• [Exercise material]:

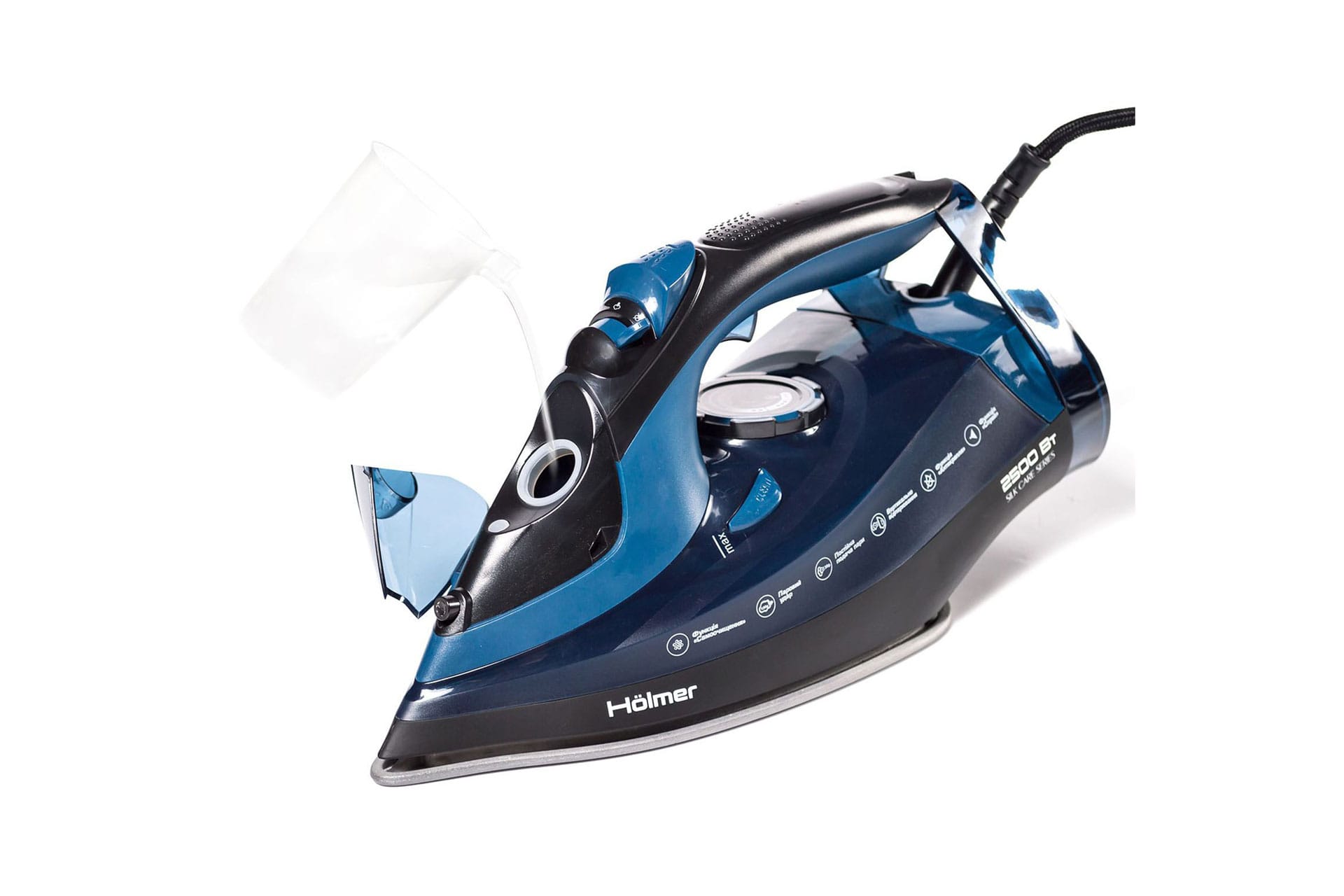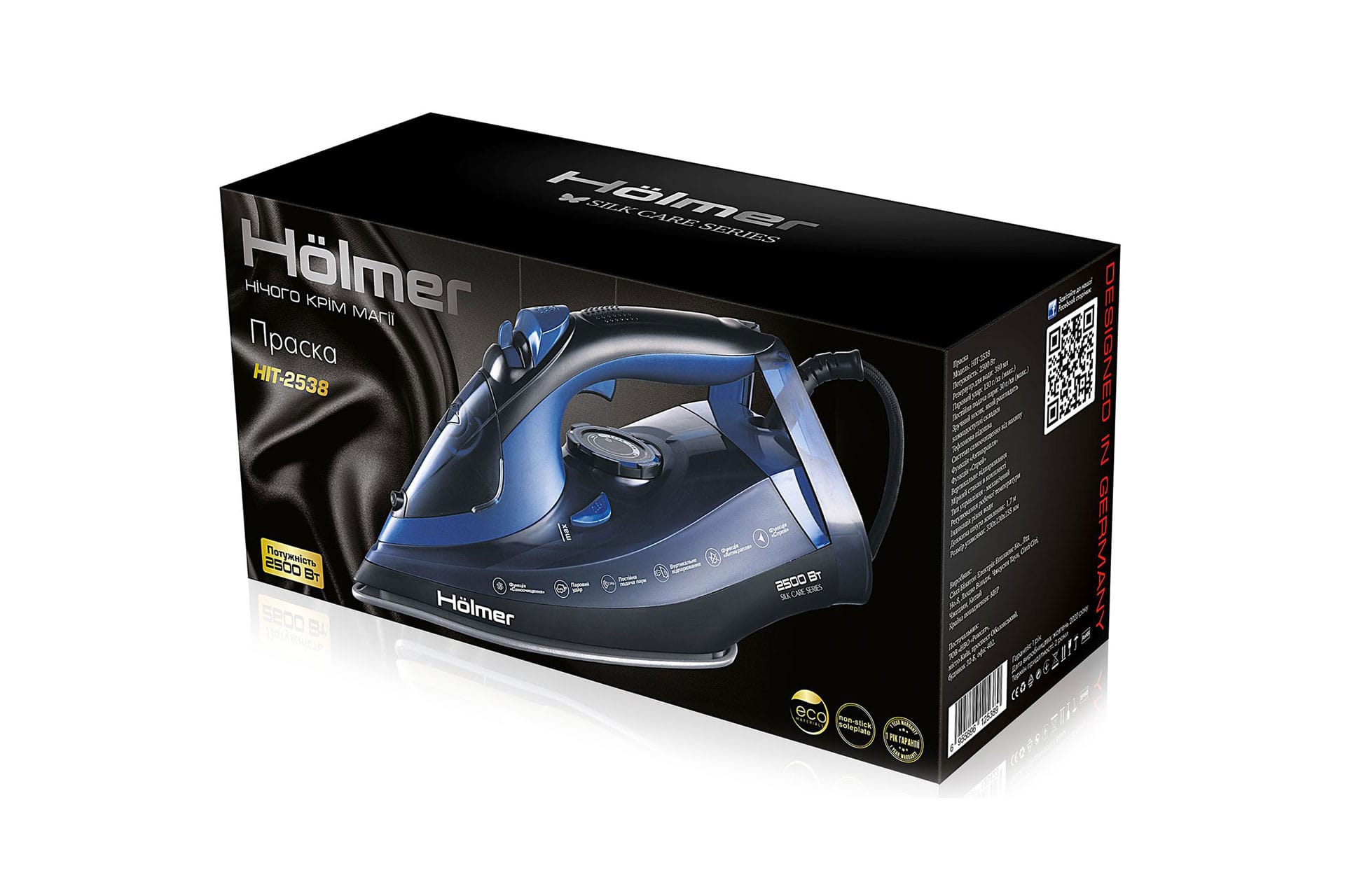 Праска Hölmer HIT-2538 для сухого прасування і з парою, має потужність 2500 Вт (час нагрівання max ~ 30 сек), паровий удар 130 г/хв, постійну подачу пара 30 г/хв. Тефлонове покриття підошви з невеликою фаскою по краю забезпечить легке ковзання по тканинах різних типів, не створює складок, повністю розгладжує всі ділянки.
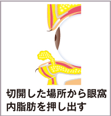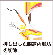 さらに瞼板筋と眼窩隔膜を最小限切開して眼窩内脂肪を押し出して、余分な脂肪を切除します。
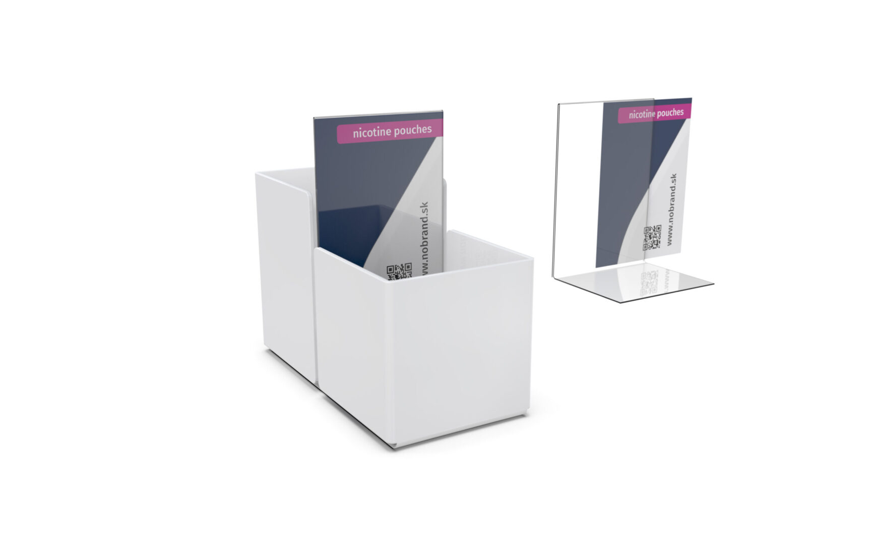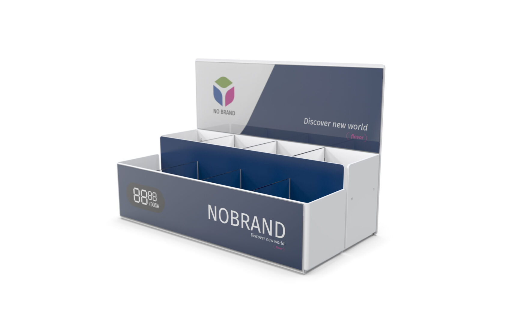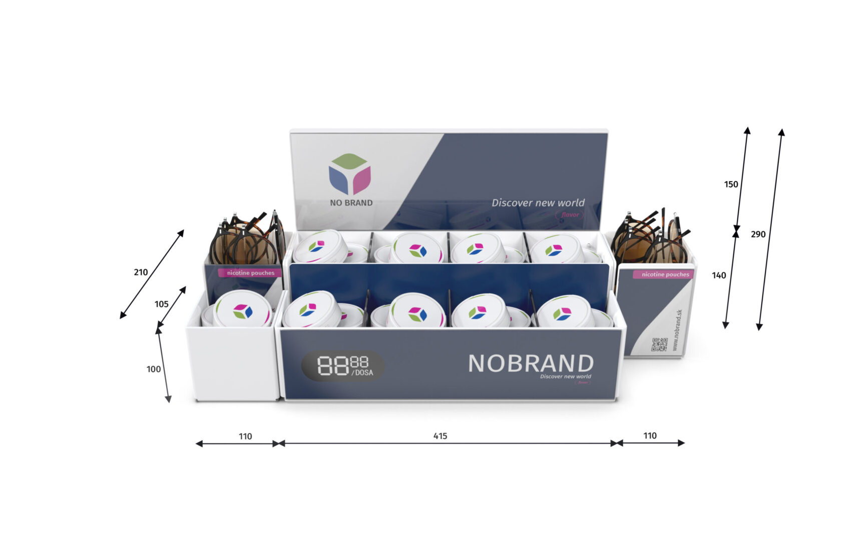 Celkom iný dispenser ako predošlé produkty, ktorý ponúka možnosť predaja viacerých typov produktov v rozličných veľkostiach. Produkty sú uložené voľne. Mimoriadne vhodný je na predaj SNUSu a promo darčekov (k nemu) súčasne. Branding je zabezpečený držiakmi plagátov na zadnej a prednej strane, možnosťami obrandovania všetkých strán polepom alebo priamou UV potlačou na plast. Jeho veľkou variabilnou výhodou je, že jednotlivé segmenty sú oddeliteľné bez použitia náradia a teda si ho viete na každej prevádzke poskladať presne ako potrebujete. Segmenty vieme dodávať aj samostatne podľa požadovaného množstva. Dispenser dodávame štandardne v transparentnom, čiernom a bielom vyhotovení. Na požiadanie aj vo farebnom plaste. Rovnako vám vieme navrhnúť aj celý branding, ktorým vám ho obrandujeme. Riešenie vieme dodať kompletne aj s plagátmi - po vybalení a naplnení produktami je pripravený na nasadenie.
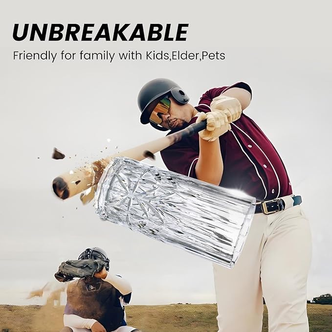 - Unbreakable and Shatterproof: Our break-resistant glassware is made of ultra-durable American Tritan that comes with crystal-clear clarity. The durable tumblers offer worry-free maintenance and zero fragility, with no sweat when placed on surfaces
---
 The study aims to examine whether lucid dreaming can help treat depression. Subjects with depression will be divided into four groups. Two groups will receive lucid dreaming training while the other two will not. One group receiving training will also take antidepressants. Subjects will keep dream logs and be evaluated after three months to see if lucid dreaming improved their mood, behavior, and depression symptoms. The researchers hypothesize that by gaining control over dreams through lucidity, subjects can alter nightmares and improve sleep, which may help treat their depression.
* * *
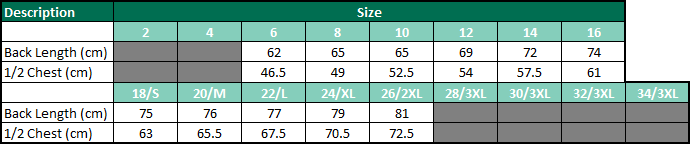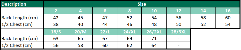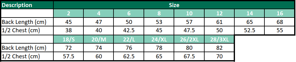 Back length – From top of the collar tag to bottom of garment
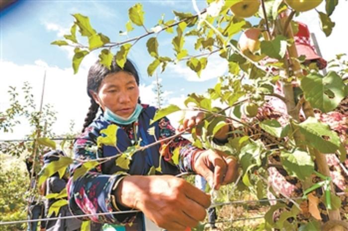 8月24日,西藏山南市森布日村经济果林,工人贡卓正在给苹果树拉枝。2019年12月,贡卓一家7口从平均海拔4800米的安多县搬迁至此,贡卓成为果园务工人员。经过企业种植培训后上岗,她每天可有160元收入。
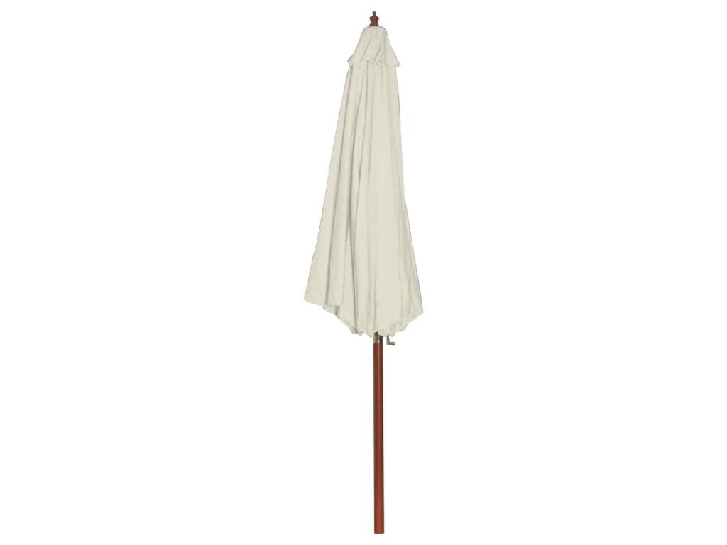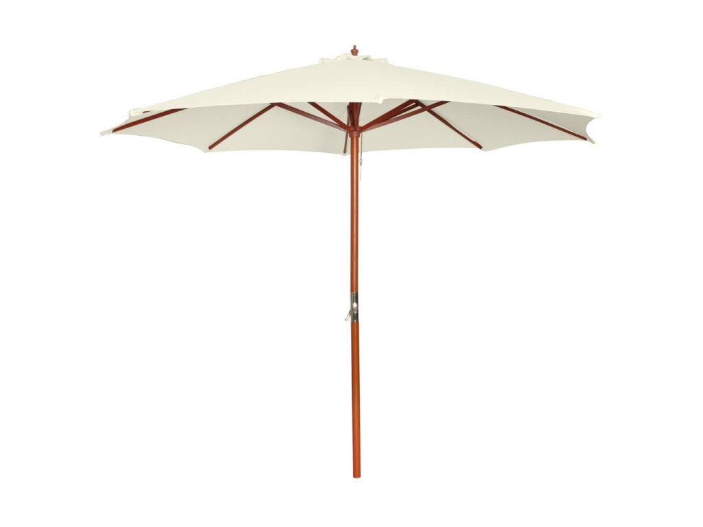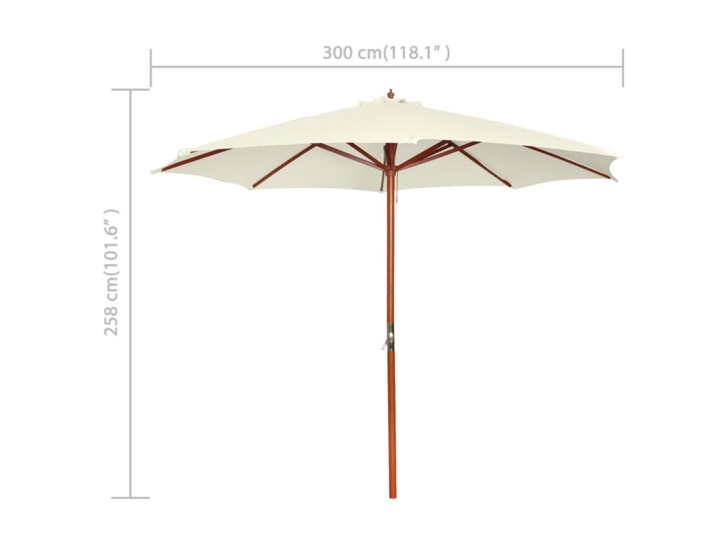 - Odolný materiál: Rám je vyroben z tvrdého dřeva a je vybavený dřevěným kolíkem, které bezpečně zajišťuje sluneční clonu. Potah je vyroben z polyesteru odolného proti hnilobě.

• [What you need to do]: Text only, no pictures: please print exactly the lines above from the line with "8月24日,西藏山南市森布日" up to and including the line with "- Odolný materiál: Rám", and nothing else.

• [Answer area]:
 8月24日,西藏山南市森布日村经济果林,工人贡卓正在给苹果树拉枝。2019年12月,贡卓一家7口从平均海拔4800米的安多县搬迁至此,贡卓成为果园务工人员。经过企业种植培训后上岗,她每天可有160元收入。
 - Odolný materiál: Rám je vyroben z tvrdého dřeva a je vybavený dřevěným kolíkem, které bezpečně zajišťuje sluneční clonu. Potah je vyroben z polyesteru odolného proti hnilobě.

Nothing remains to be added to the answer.